Are you specifically trying to hash a password database, or do you just need a crypto quality general purpose hash algorithm? It looks like bcrypt is specifically designed for password database, with countermeasures in place to deter things like rainbow tables and brute-force attacks.

You probably know about this already, but just in case you don’t, if you are trying to hash passwords with SHA256, make sure that the passwords are salted, and make sure you crank the password through the hash algorithm a very large number of times (probably in the thousands). These extra steps are necessary due to the fact that passwords are often trivial to guess, and it is very likely that multiple users would have the same password.

There’s no reason to crank it through thousands of times, unless you’re just trying to guard against a brute-force attack by making things take too long. In that case, you’ll probably just end up annoying your users by making them wait ten seconds to authenticate.

The case of multiple users having the same password is handled by using salt strings. If you want to handle the case of a raw dictionary attack by someone who has obtained the password file (and therefore the salts) then an additional, separately-stored secret string can be thrown in the mix. But that’s probably overkill for most things. A high-entropy salt string is enough to reduce the problem of cracking to a brute-force-from-null.

BTW, if you are going to use multiple passes through the hash, the correct way to do it is to reintroduce the salt string at every iteration.

IOW, hash( hash( hash( salt + password ) ) ) is wrong, and can introduce weaknesses in the random distribution of the final resulting hash. (Consider that for all but the inner hash, your inputs are limited to the subset of inputs that have the same length as the hash function’s output.)

So the recommended way is to use hash( salt + hash( salt + hash( salt + password ) ) ).

Yes, cranking through the password multiple times is intended to frustrate brute-force attack, and I did mention salted passwords in my response.

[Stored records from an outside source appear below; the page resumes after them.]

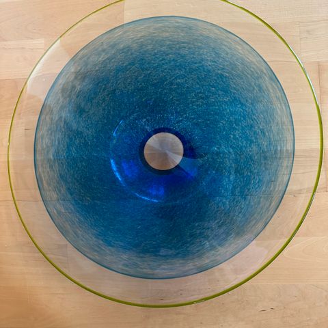 Steninge Slott dekorativ fat laget av blått kunstglass med unikt, bølgende design i midten.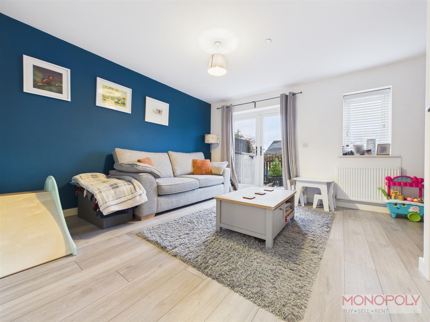 UPVC double glazed window to the rear elevation and uPVC double glazed French doors to rear. Under-stairs storage cupboard, wooden laminate flooring, ceiling light point and two panelled radiators.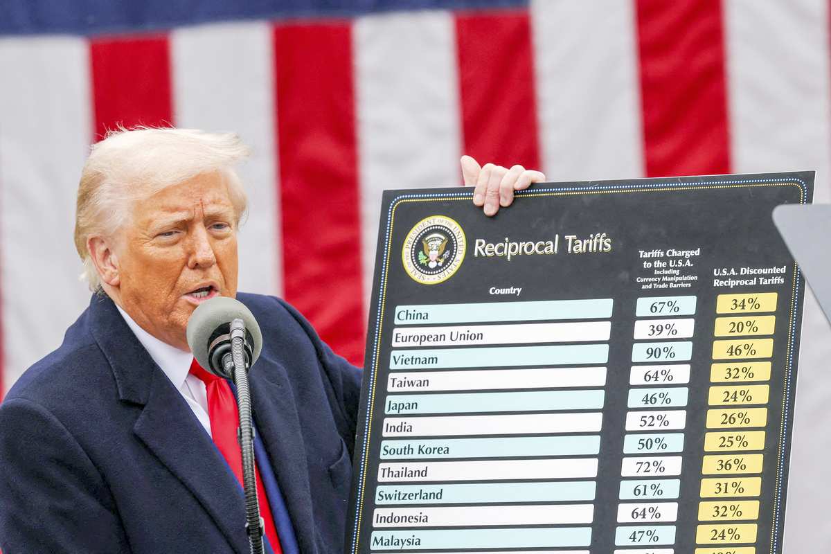 U.S. President Donald Trump delivers remarks on tariffs in the Rose Garden at the White House in Washington on April 2.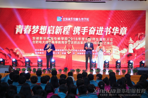 2018年12月29日,《“青春夢想啟新程 攜手奮進書華章”安徽新華電腦專修學院2018年度優秀師生表彰大會暨慶祝改革開放40周年文藝晚會》在學院大禮堂精彩上演。安徽新華電腦專修學院院長束凱鈞等領導嘉賓參加了本次元旦晚會,與全院6000余名師生一起,辭舊迎新,相約2019。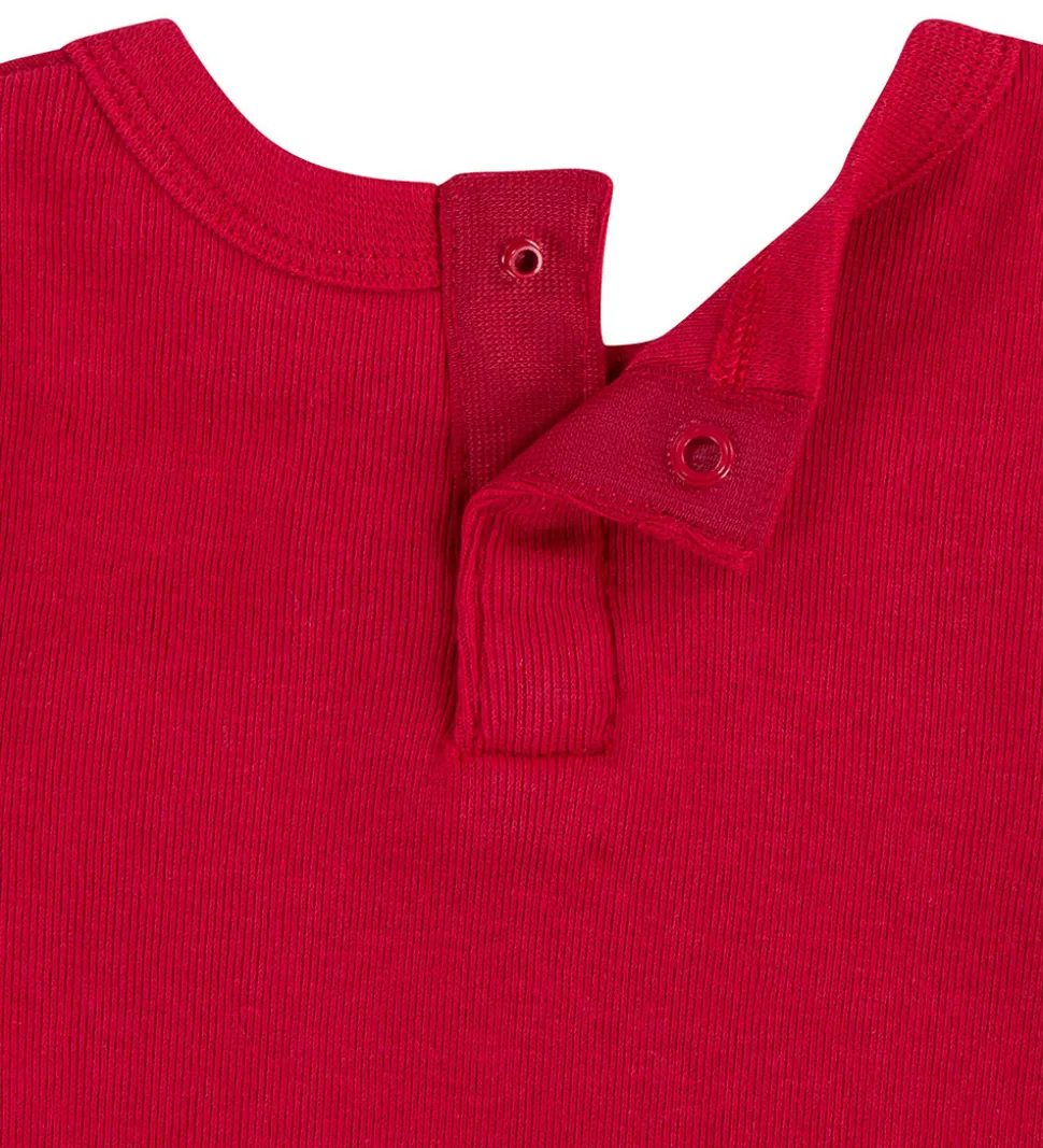 - Sommerdragt i rød med et lille hvidt logoprint på venstre bryst.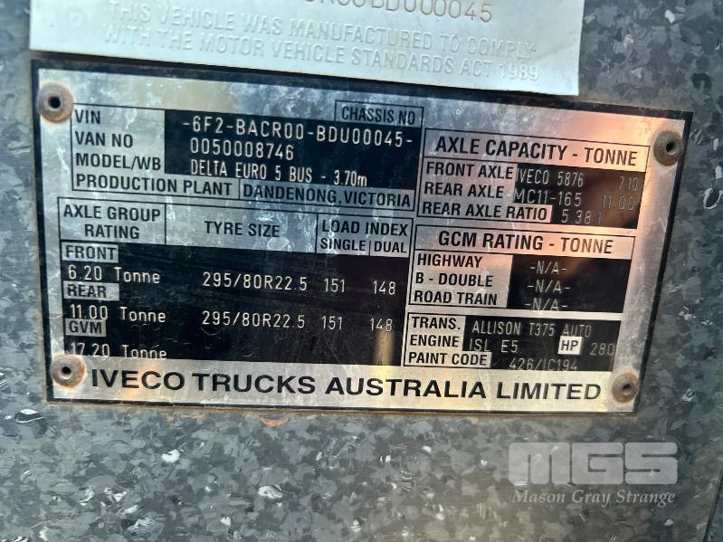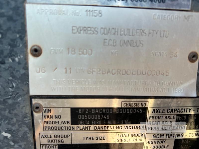 2011 IVECO DELTA EURO 5 BUS, EXPRESS COACH BUILDERS MOD: E.C.B OMNI BUS REG: NO PLATES VIN: 6F2BACR00BDU00045 ODO: 748,857kms ENGINE: CUMMINS 280HP, TURBO DIESEL ALLISON T375 AUTO TRANSMISSION SEATS: 54 PEOPLE ALLOY BULL BAR, ROCK SCREEN, BELLY LUGGAGE STORAGE COMPARTMENT, BATTERY ISOLATION SWITCH, AIR-CONDITIONING SPARE WHEEL WHEEL BASE: 3.70m GVM: 18,500kg PLANT NO: 5032 DAMAGE: ENTRY DOOR SMASHED GLASS WINDOW WITH 1 x KEY KEY #53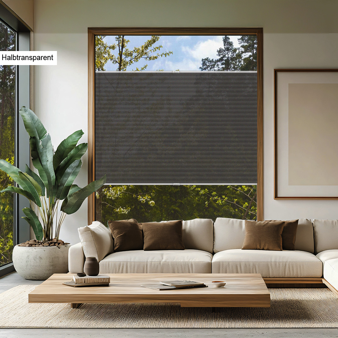 Der Plisseestoff, mit seiner leicht durchsichtigen Art, schafft die perfekte Balance. Er lässt Licht herein, schützt aber auch vor neugierigen Blicken. Er lässt ausreichend Tageslicht in den Raum, sorgt aber gleichzeitig dafür, dass neugierige Blicke von außen abgehalten werden. Diese Eigenschaften machen den Stoff besonders geeignet für verschiedene Wohnräume wie Wohnzimmer, Schlafzimmer oder auch Büros. Die leichte Transparenz schafft eine helle und freundliche Atmosphäre, während der notwendige Sichtschutz gewährleistet ist.

This is standard practice on many Unix systems for their password database. I’ve never timed how long it takes to run SHA256 for a thousand times, but I didn’t think it would actually take ten seconds on a modern system. Tweak the number of iterations as needed so that it takes something like half a second to a second to authenticate, and it should have minimal impact on any legitimate users.

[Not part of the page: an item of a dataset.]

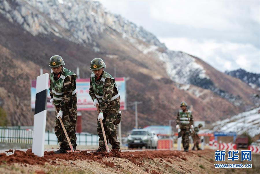 武警某部交通養(yǎng)護中隊的戰(zhàn)士在318國道八宿縣邦達鎮(zhèn)段養(yǎng)護路面(10月23日攝)。新華社記者江宏景攝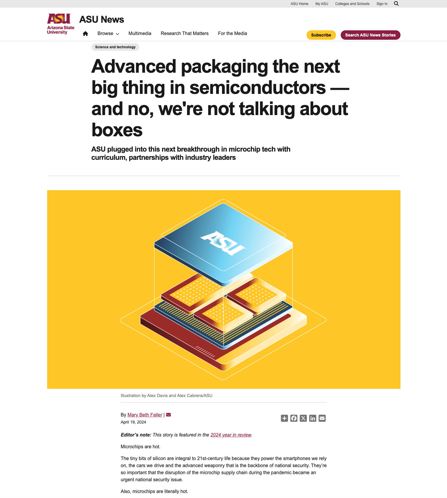 See the final project live in the ASU News article Advanced packaging the next big thing in semiconductors.

I found this peer reviewed SHA-based algorithm for password hashing. It mentions the Blowfish-based algorithm in its introduction, but states that it is not acceptable to some companies because it doesn’t use a NIST-approved algorithm.

Thanks for the answers. Indeed, the purpose is password encryption.

I guess that’s not an argument to get me colleagues to redo their implementation sadly, or at least it won’t convince them. Lucky me that I’m changing jobs in a week :wink:

Where are the proofs for the hash algorithms currently in use?

I still ask - what’s the hash for?

Because sometimes, a hash was used to distrbute records evenly in a database; ie. we have a sequence of serial numbers, and we want them evenly distributed randomly in the master table; so that, let’s say, we write a numeric sequence of serial number records they don’t all have to go in the same sector on disk. In a database, for example, you may fill up one page/sector and cause it to overflow, which is less efficient that distributing among a dozen different sectors - because a random lookup will pull up that page and then search sequentially through the overflow pages to find the required record. SO the question is not just irreversibility but randomness of distribution.

Well, it usually involves quite some deep mathematical analysis of the hash function itself, if I remember my university days correctly.

As said, cryptographic hashing of passwords in a database.